Metaconcrete is a relatively new concept of concrete where traditional aggregates are partially replaced by resonant aggregates which consist of solid core coated with a relatively soft material. In this research, a mass-spring-mass analytical simplified model is used to predict the bandgap characteristics of metaconcrete firstly, then the bandgap characteristics of metaconcrete unit cell are numerically investigated by using finite element software COMSOL Multiphysics, the numerical model is built and verified by the analytical solution in terms of predicting bandgap frequency region. The effect of the parameters such as the modulus of coating, the density and radius of heavy core and resonant aggregate volume fraction on the characteristics of bandgap are studied based on validated finite element model.

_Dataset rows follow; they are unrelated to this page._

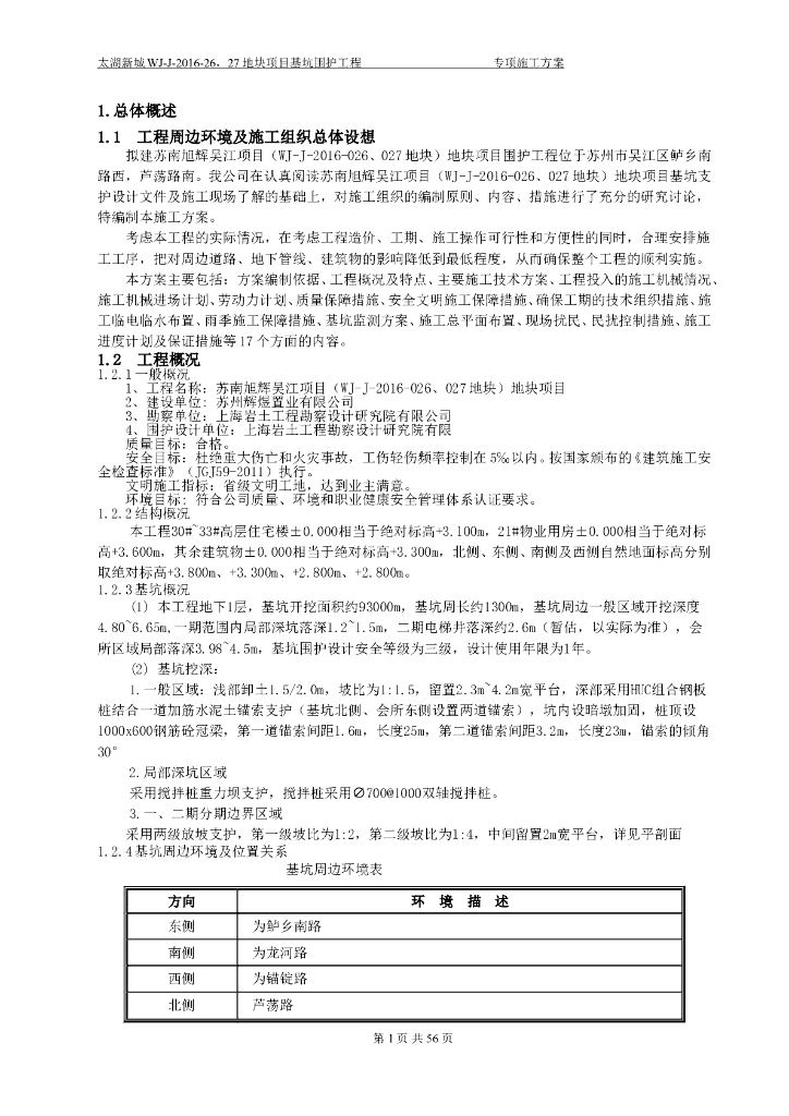 [江苏]HUC组合钢板桩及预应力加劲锚杆深基坑支护施工方案(附方案图).doc
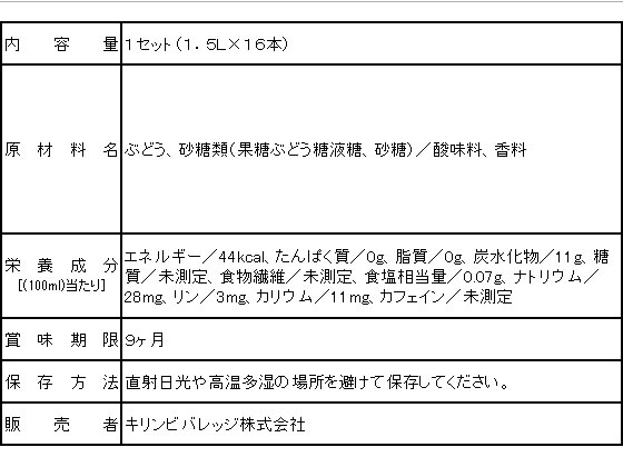 キリン 小岩井 純水ぶどう 1.5L×16本 1セット※軽(ご注文単位1セット)【直送品】
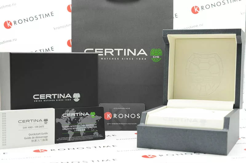 Наручные часы в спортивном стиле привлекают внимание синими деталями, что символизирует скоростное напряжение на гоночной трассе. Отличным дополнением стал кожаный ремешок с перфорацией из натурального материала. Кварцевый швейцарский механизм ETA G10.212 Precidrive™Precidrive™Инновационный кварцевый механизм Certina. Часы, оснащённые этим швейцарским калибром, приравниваются к точности к сертифицированным хронометрам, точность хода составляет +/-10 секунд в год. с повышенной точностью хода, подтверждённой сертификатом COSCСертификат COSCОфициальный сертификат, подтверждающий то, что часы ходят с особо высокой точностью. Для получения документа часы подвергаются тестовым испытаниям, разработанным швейцарским институтом тестирования хронометров COSC. Допустимая норма для механических часов -4/+6 секунд в день, для кварцевых моделей +/- 0,07 секунд в день.. Система DS ConceptDS ConceptDouble Security Concept, обозначает двойную надёжность и безупречную точность часов Certina. Двойная система защиты подразумевает обеспечение максимальной устойчивости к ударам и высоких показателей водонепроницаемости.. Двухстороннее антибликовое покрытие для стекла из сапфира. Стрелки и индексы с составом SuperLumiNovaЛюминесцентное покрытиеПозволяет считывать показания времени в темноте. Производители наносят на стрелки, часовые индексы, безель или поверхность циферблата светонакопительный состав, дающий холодное свечение.. Заводная головка с защитой. ХронографХронографФункция позволяет измерять отрезки времени с особой точностью: часы, минуты, секунды. Верным признаком хронографа является наличие на циферблате 3 дополнительных окошек-счётчиков., шкала тахиметраТахиметрРазмеченная шкала, располагается на ободке или безеле часов. Тахиметр позволяет рассчитать скорость на определённом участке пути, расстояние измеряется в километрах или милях., календарь, секундомер, индикатор EOLEOLПредставляет собой систему, уведомляющую владельца часов о необходимости замены элемента питания. За 2 недели до полного разряда батарейки секундная стрелка перестаёт ходить чётко и начинает перепрыгивать на 3-4 деления., Lap-функция измерения промежуточного времени (круга). Диаметр корпуса: 42 мм.
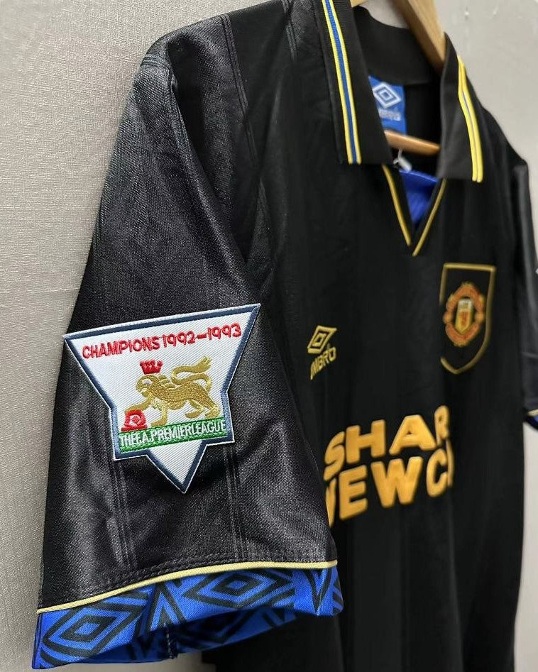 La maglia del Manchester United con il numero 7 di ERIC CANTONA, rappresenta al meglio la storia e la forza dei Red Devils nella stagione 1993-94. Arricchita dalle patch che testimoniano il trionfo in Premier League, ha la personalizzazione del talentuoso francese ad aggiungere ulteriore prestigio a questa divisa leggendaria
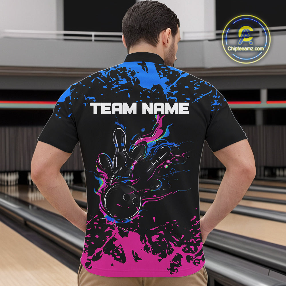 Personalized Black, Blue and Pink Bowling Shirts For Men, Bowling Balls And Pins Bowling Team Shirts NQS10742
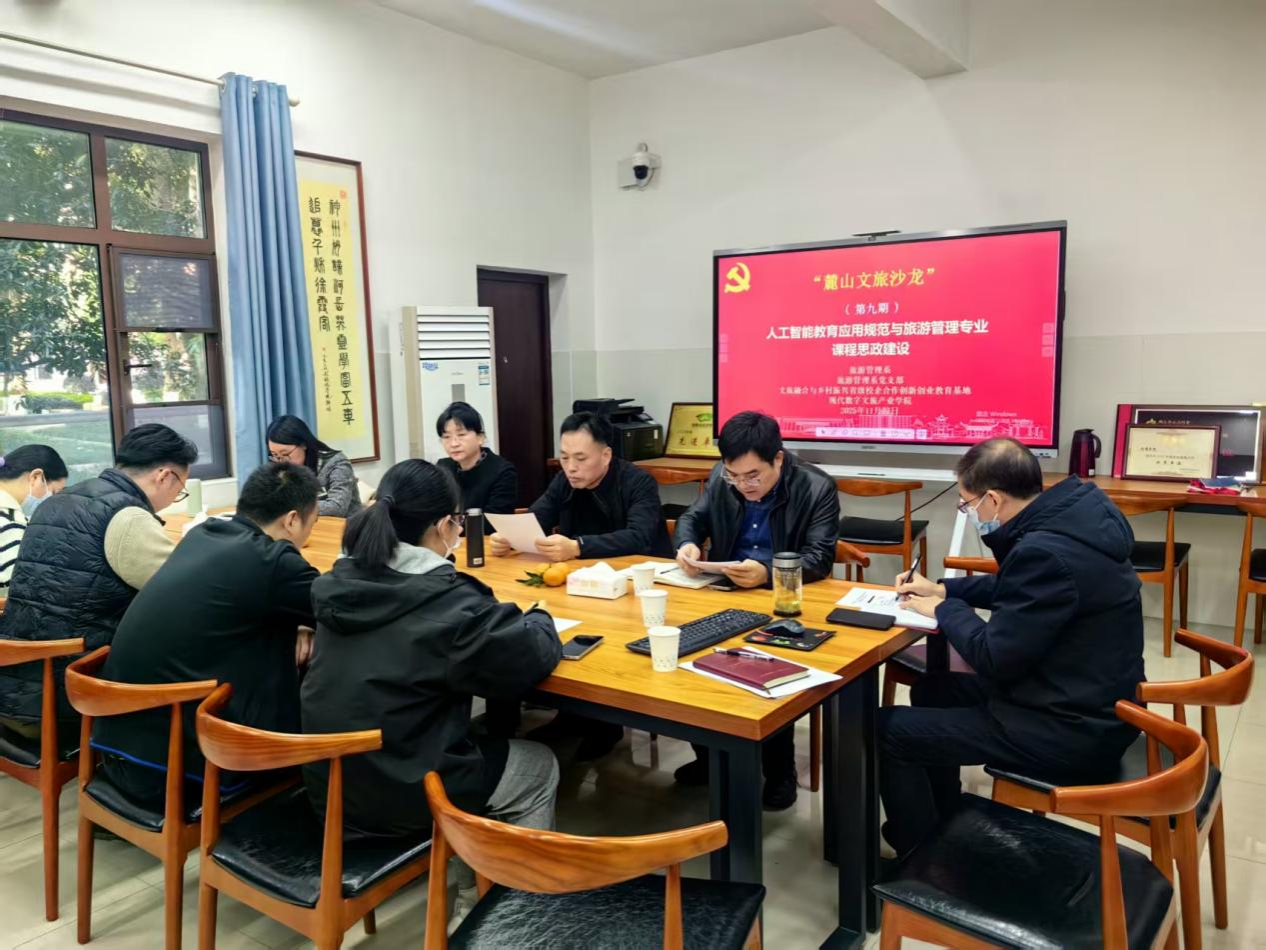 11月27日下午,旅游管理系在学院资料室举办“人工智能教育应用规范与旅游管理专业课程思政建设”教学研讨会暨第九期麓山文旅沙龙,旨在以AI教育赋能课程创新改革,以课程思政筑牢育人根基,推动专业建设与人才培养提质增效。公司党委副书记(主持党委日常工作)罗明、副经理郑群明出席,旅游管理系相关教师参加会议,会议由旅游管理系主任罗文斌主持。
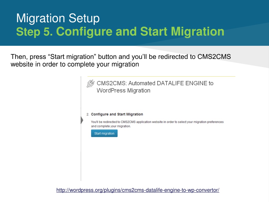 Migration SetupStep 5. Configure and Start Migration Then, press “Start migration” button and you’ll be redirected to CMS2CMS website in order to complete your migration http://wordpress.org/plugins/cms2cms-datalife-engine-to-wp-convertor/
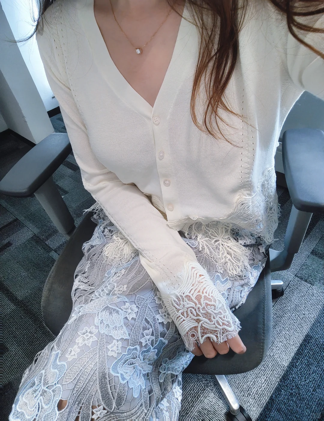 今天回到舒适区\n蕾丝搭配写了我的名字!\n这件开衫扣起来穿也好看\n \n突然发现会议穿这套很适合\n桌子以上的部分还是很严谨\n亮点全在腰以下\n这衣服真是太懂打工人了\n精致和干练我都要\n#日常通勤穿搭也要美 #蕾丝上衣 #精致氛围感 #一身温柔力
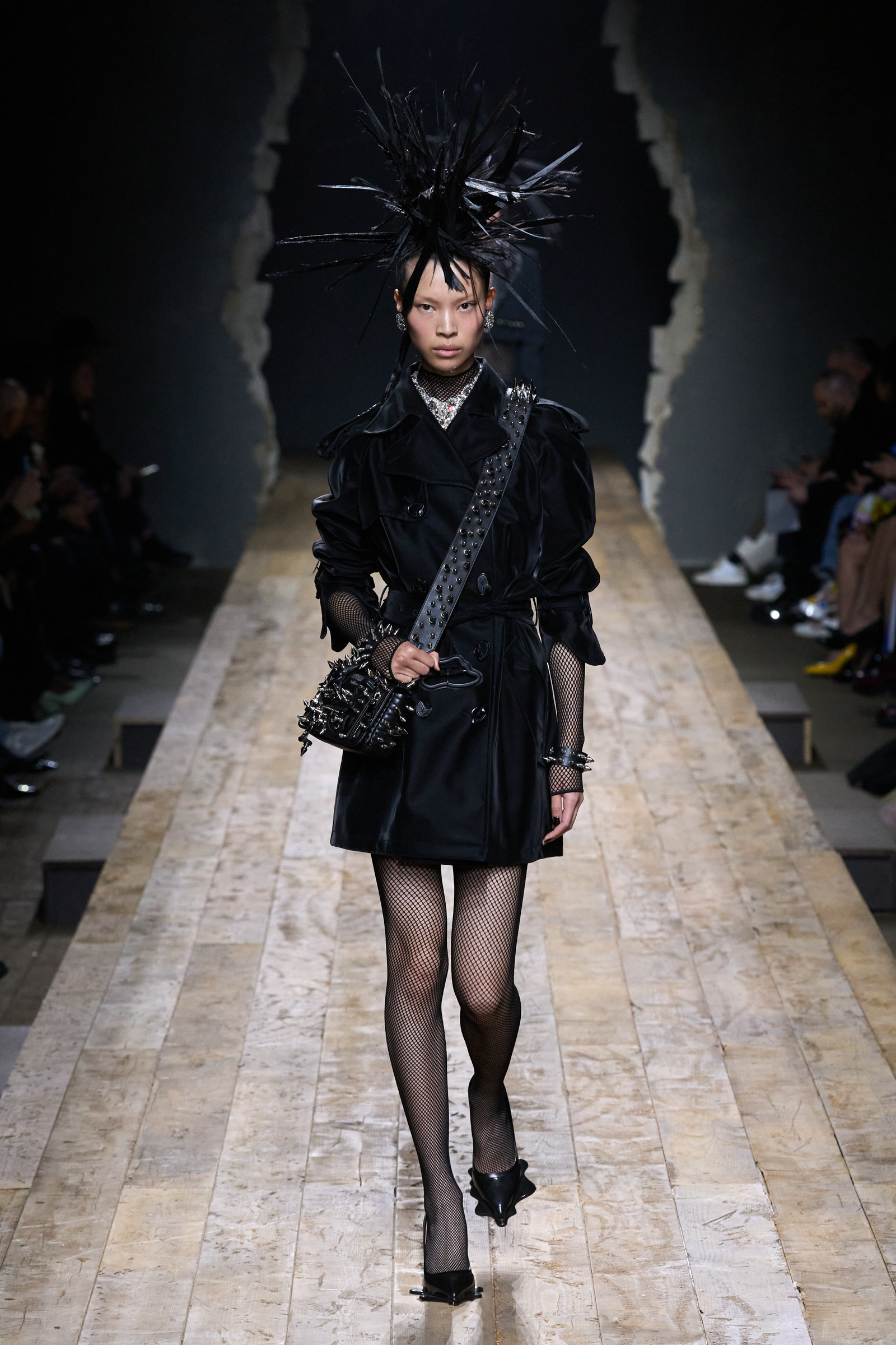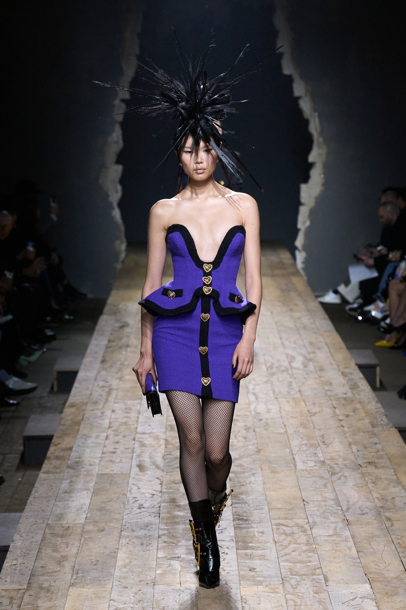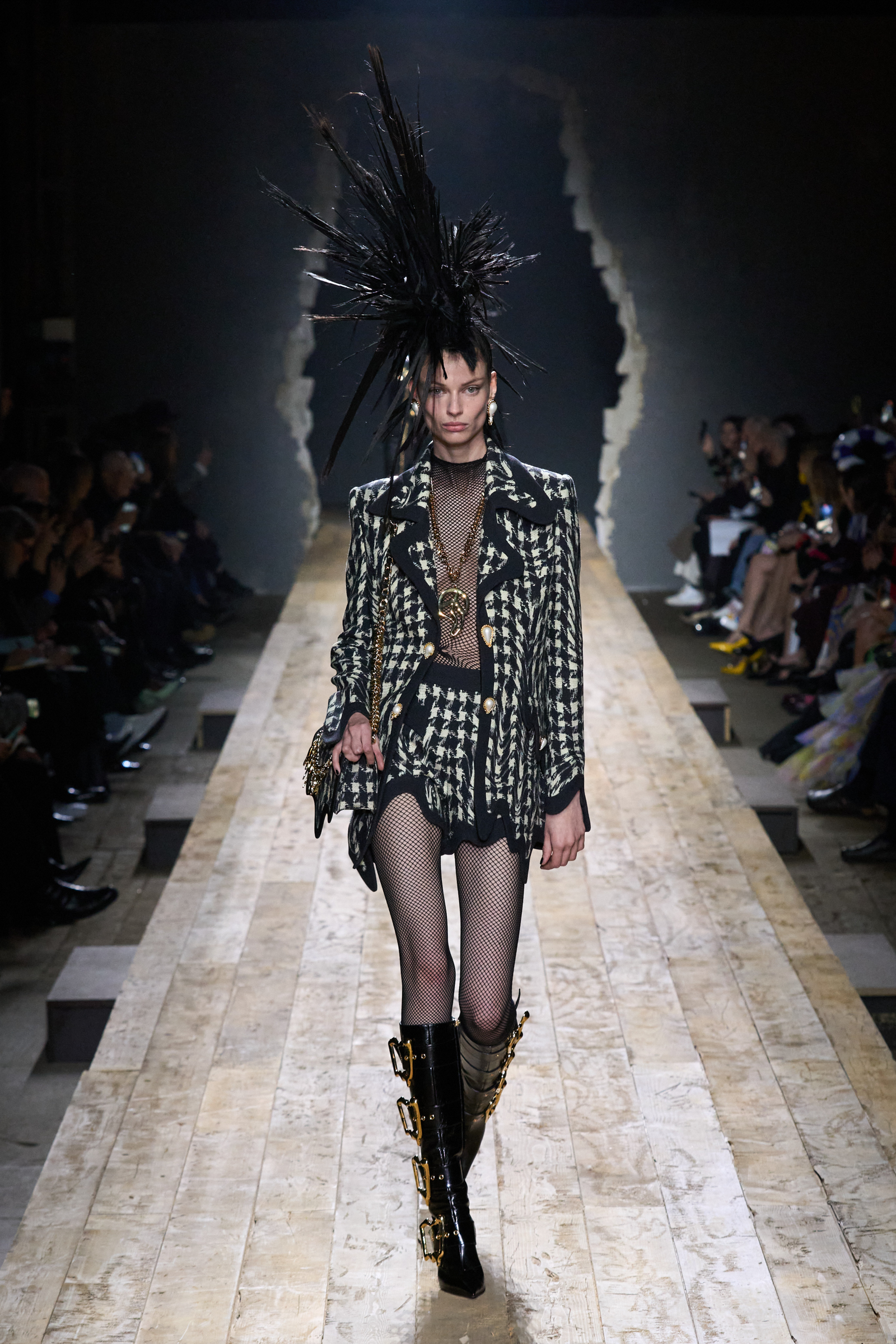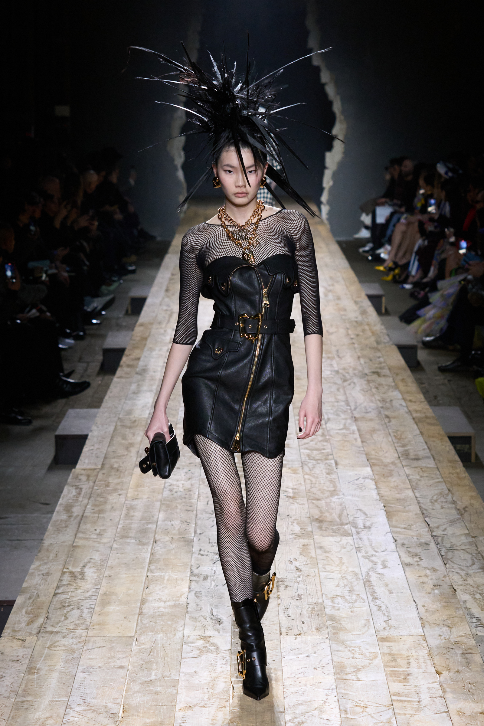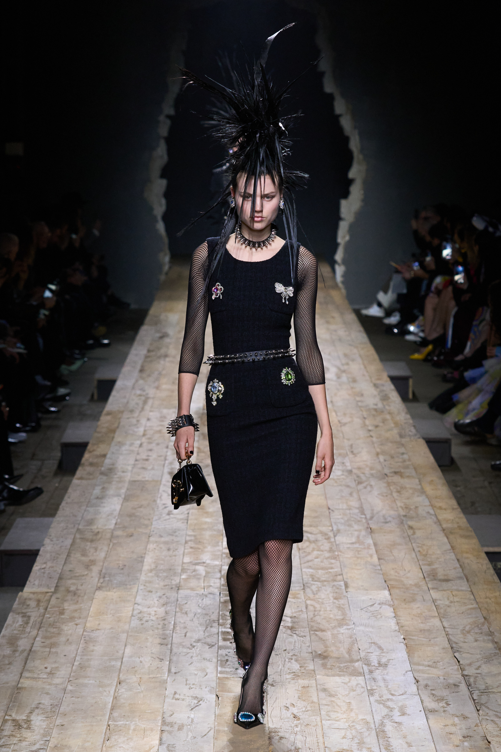 But Scott’s usual gung-ho commitment to a theme didn’t sustain itself. Midway through, the collection switched gears, and the drips were replaced by an aristo-punk vibe featuring large crystal embellishments and even larger metal spikes as motifs. Considering the monster mohawk hairpieces the models wore, it might’ve been a nod in Vivienne Westwood’s direction—we’ve seen other tributes to the late Dame Viv lately—but then again, maybe not. It’s a testament to the meaningful fun that’s usually had at Scott’s Moschino shows that this one didn’t entirely meet the moment.
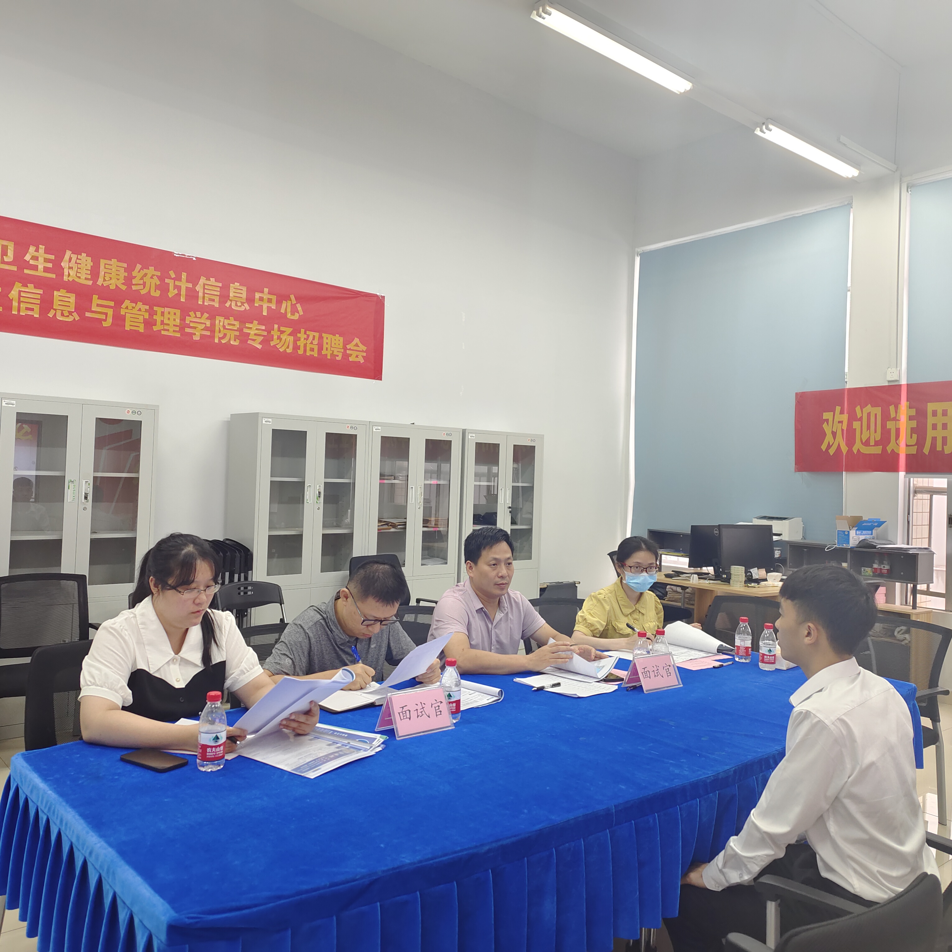 会前,双方开展了合作交流座谈会,陈榆书记首先感谢自治区卫生健康统计信息中心对公司毕业生的认可和支持,希望通过此次专场招聘会加强进一步的校政合作,促进双方的协同发展。自治区卫生健康统计信息中心副主任张杰进行了专业和岗位需求,薪资福利、晋升空间等情况介绍,何慧敏经理就公司毕业生培养方案、职业发展路径、人岗匹配情况做了详细交流。双方就后续进一步的实践基地、专业实习等校政合作达成了一致意见。座谈结束后进行了现场招聘会,共40多名毕业生参加了现场面试。本次专场招聘会共提供了15个岗位,初步达成就业意向近10人。
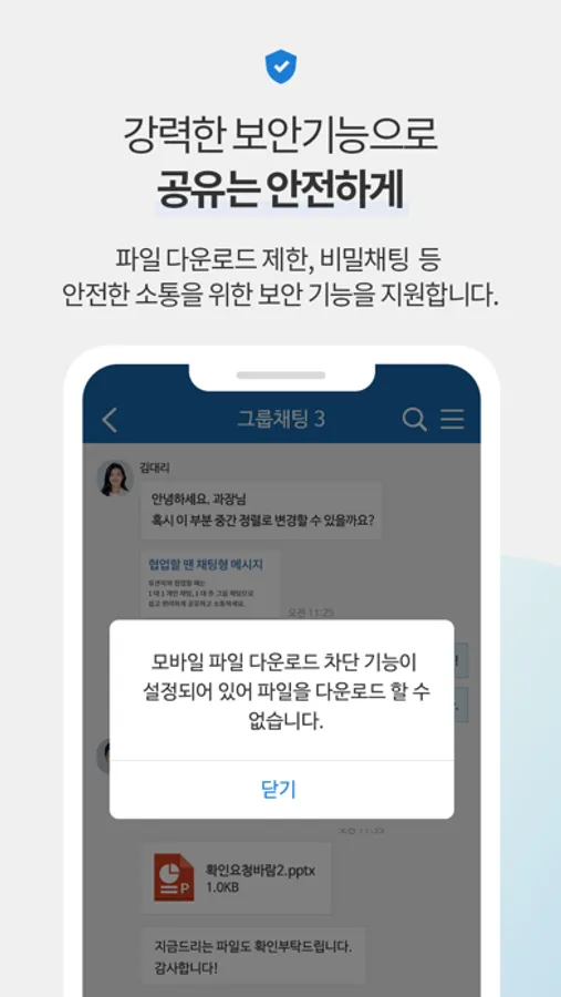 비밀 채팅은 기본, IP대역에 따른 메신저 실행 제한,

The vibration attenuation property of metaconcrete slab is studied by using the finite element code LS-DYNA and the effect of the parameters such as the modulus of coating, the density and radius of heavy core and resonant aggregate volume fraction. Metaconcrete slab exhibit prominent vibration attenuation capacity in the predicted bandgap. Finally, a frequency sweeping experiment is carried out to verify the theoretical model. The experimental results show that metaconcrete specimens exhibit excellent vibration attenuation ability in the predicting bandgap. The results can be used for designing engineered aggregates for better structural protection.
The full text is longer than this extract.